**Work instructions:** In the records below, find the line that contains "Brand guidelines We" and the line that contains "[다잇템]여자 패턴 스웨터 줄무늬 코디 U넥 롱원피스"; write out exactly those two lines and everything between them, without the pictures.

**Stored data:**
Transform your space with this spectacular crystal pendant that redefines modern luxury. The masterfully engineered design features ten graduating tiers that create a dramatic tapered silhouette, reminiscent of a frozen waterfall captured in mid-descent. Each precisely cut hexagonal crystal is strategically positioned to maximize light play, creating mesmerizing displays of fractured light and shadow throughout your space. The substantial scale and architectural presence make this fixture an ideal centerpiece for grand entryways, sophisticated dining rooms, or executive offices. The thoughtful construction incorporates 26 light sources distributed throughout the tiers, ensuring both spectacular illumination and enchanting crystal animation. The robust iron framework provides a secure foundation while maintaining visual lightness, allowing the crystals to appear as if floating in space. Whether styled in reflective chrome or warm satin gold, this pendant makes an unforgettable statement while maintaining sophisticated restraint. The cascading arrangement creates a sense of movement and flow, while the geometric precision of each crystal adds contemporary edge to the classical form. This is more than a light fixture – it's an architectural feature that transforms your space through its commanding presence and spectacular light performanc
--
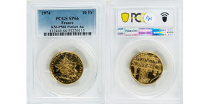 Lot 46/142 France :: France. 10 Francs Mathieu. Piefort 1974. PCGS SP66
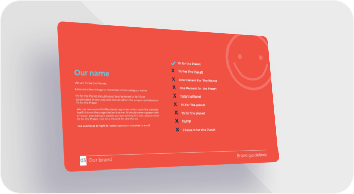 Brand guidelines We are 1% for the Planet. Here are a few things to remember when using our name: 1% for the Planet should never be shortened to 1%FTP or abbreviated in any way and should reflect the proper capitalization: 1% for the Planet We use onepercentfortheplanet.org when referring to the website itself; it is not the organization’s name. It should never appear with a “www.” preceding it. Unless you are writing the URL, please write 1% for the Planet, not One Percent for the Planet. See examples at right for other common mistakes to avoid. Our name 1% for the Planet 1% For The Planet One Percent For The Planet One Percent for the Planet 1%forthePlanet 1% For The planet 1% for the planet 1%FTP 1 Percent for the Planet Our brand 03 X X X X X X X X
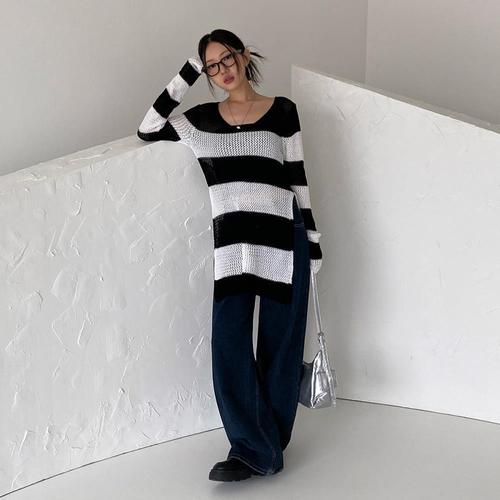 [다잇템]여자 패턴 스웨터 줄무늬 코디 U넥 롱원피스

**Exercise response:**
 Brand guidelines We are 1% for the Planet. Here are a few things to remember when using our name: 1% for the Planet should never be shortened to 1%FTP or abbreviated in any way and should reflect the proper capitalization: 1% for the Planet We use onepercentfortheplanet.org when referring to the website itself; it is not the organization’s name. It should never appear with a “www.” preceding it. Unless you are writing the URL, please write 1% for the Planet, not One Percent for the Planet. See examples at right for other common mistakes to avoid. Our name 1% for the Planet 1% For The Planet One Percent For The Planet One Percent for the Planet 1%forthePlanet 1% For The planet 1% for the planet 1%FTP 1 Percent for the Planet Our brand 03 X X X X X X X X
 [다잇템]여자 패턴 스웨터 줄무늬 코디 U넥 롱원피스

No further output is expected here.